Discussion in 'Perl Misc' started by Wolfgang Thomas, Mar 7, 2006.

  1. I have a line of the following format:
    string length followed by colon followed by the actual
    string.
    To extract the string with the correct length I use the
    following regular expression:

    my $s = "3:abcd";
    $s =~ /([\d]+):(.{\1})/;
    print "$1\n";
    print "$2\n";


    However this does not match. Neither $1 nor $2 become
    defined.
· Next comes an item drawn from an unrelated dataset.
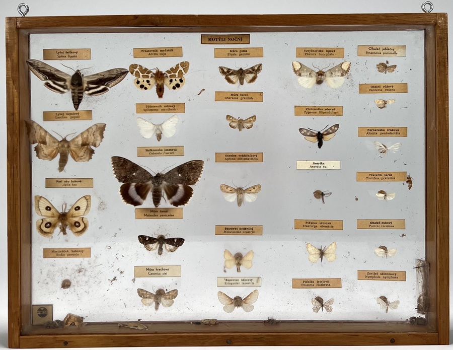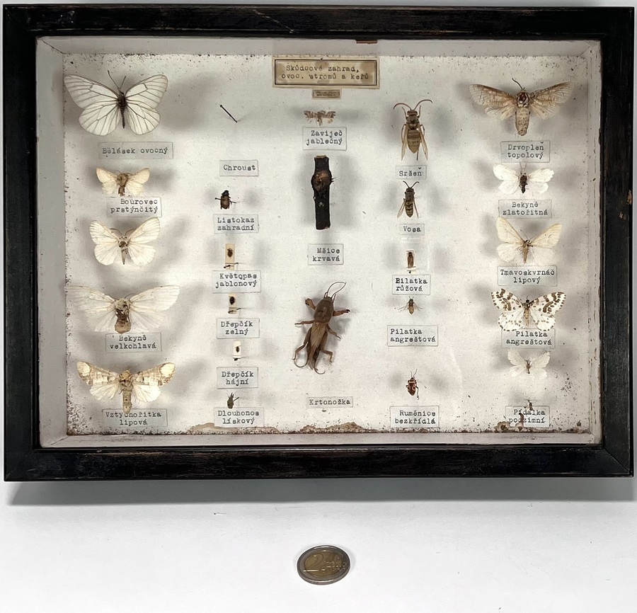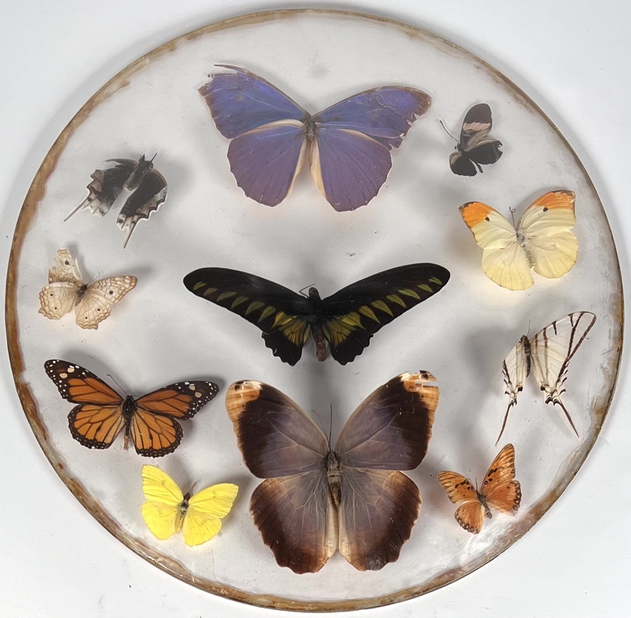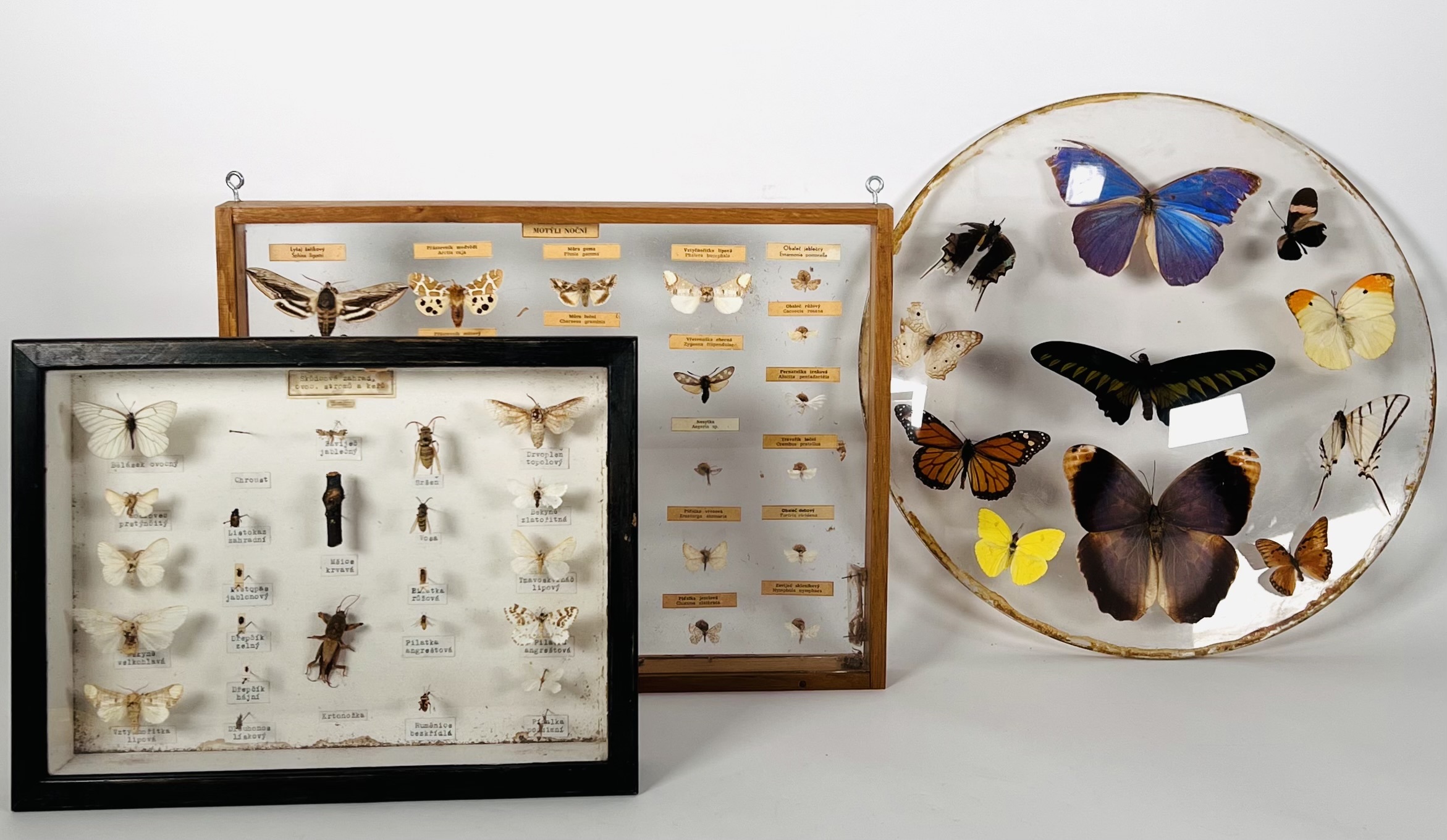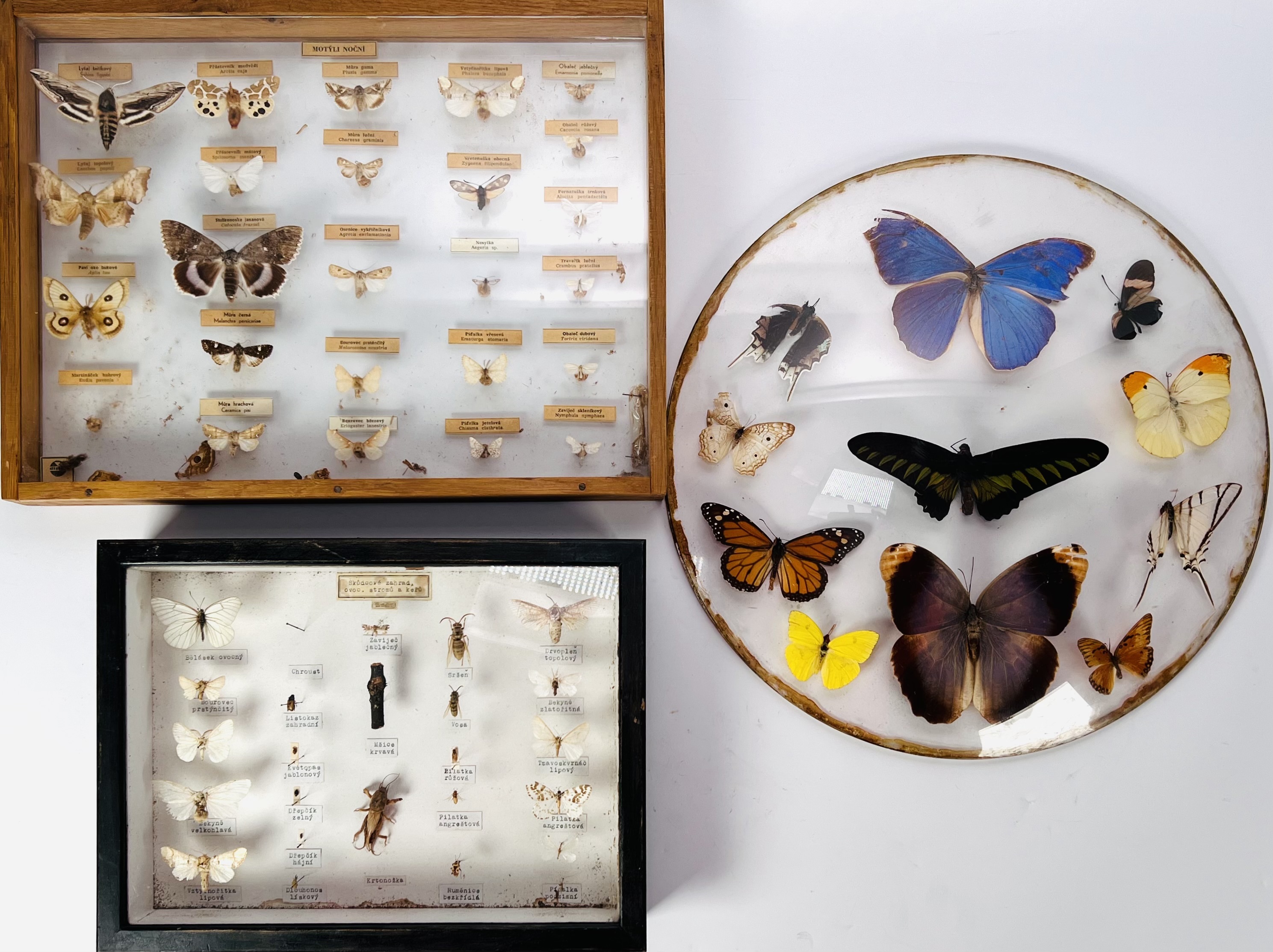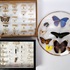 Twee kastjes met vlinders, motten en andere insecten. Tevens een ronde glashouder met vlinders. 20e eeuw. |

If I replace \1 with 3 it works as expected,
    I get 3 in $1 and "abc" in $2.

    I have studied the "Perl Programming" book and
    the active perl regex documentation, but could not
    find a restriction that backreferences must not be
    used inside quantifiers.

    What am I doing wrong?
     
    Wolfgang Thomas, Mar 7, 2006
    #1
    1. Advertising

  2. Wolfgang Thomas wrote:
    > I have a line of the following format:
    > string length followed by colon followed by the actual
    > string.
    > To extract the string with the correct length I use the
    > following regular expression:
    >
    > my $s = "3:abcd";
    > $s =~ /([\d]+):(.{\1})/;
    > print "$1\n";
    > print "$2\n";
    >
    >
    > However this does not match. Neither $1 nor $2 become
    > defined. If I replace \1 with 3 it works as expected,
    > I get 3 in $1 and "abc" in $2.
    >
    > I have studied the "Perl Programming" book and
    > the active perl regex documentation, but could not
    > find a restriction that backreferences must not be
    > used inside quantifiers.



    i haven't studied this yet, but are you sure regexes are the best tool
    for what you're doing?
     
    it_says_BALLS_on_your forehead, Mar 7, 2006
    #2
    1. Advertising

  3. it_says_BALLS_on_your forehead wrote:
    > Wolfgang Thomas wrote:
    >> I have a line of the following format:
    >> string length followed by colon followed by the actual
    >> string.
    >> To extract the string with the correct length I use the
    >> following regular expression:


    >
    > i haven't studied this yet, but are you sure regexes are the best tool
    > for what you're doing?
    >


    Maybe not, but still I wonder why it does not work.
     
    Wolfgang Thomas, Mar 7, 2006
    #3
  4. Wolfgang Thomas <> wrote in news:dukl07$lhr$01$1
    @news.t-online.com:

    > I have a line of the following format:
    > string length followed by colon followed by the actual
    > string.
    > To extract the string with the correct length I use the
    > following regular expression:
    >
    > my $s = "3:abcd";
    > $s =~ /([\d]+):(.{\1})/;


    Where did you get the notion that backreferences could be used in this
    way?

    ....

    > What am I doing wrong?


    You are using regular expressions to solve a problem to which they are
    ill-suited.

    Important question: What do you want to do if the string to the right of
    the colon is shorter than the length specified?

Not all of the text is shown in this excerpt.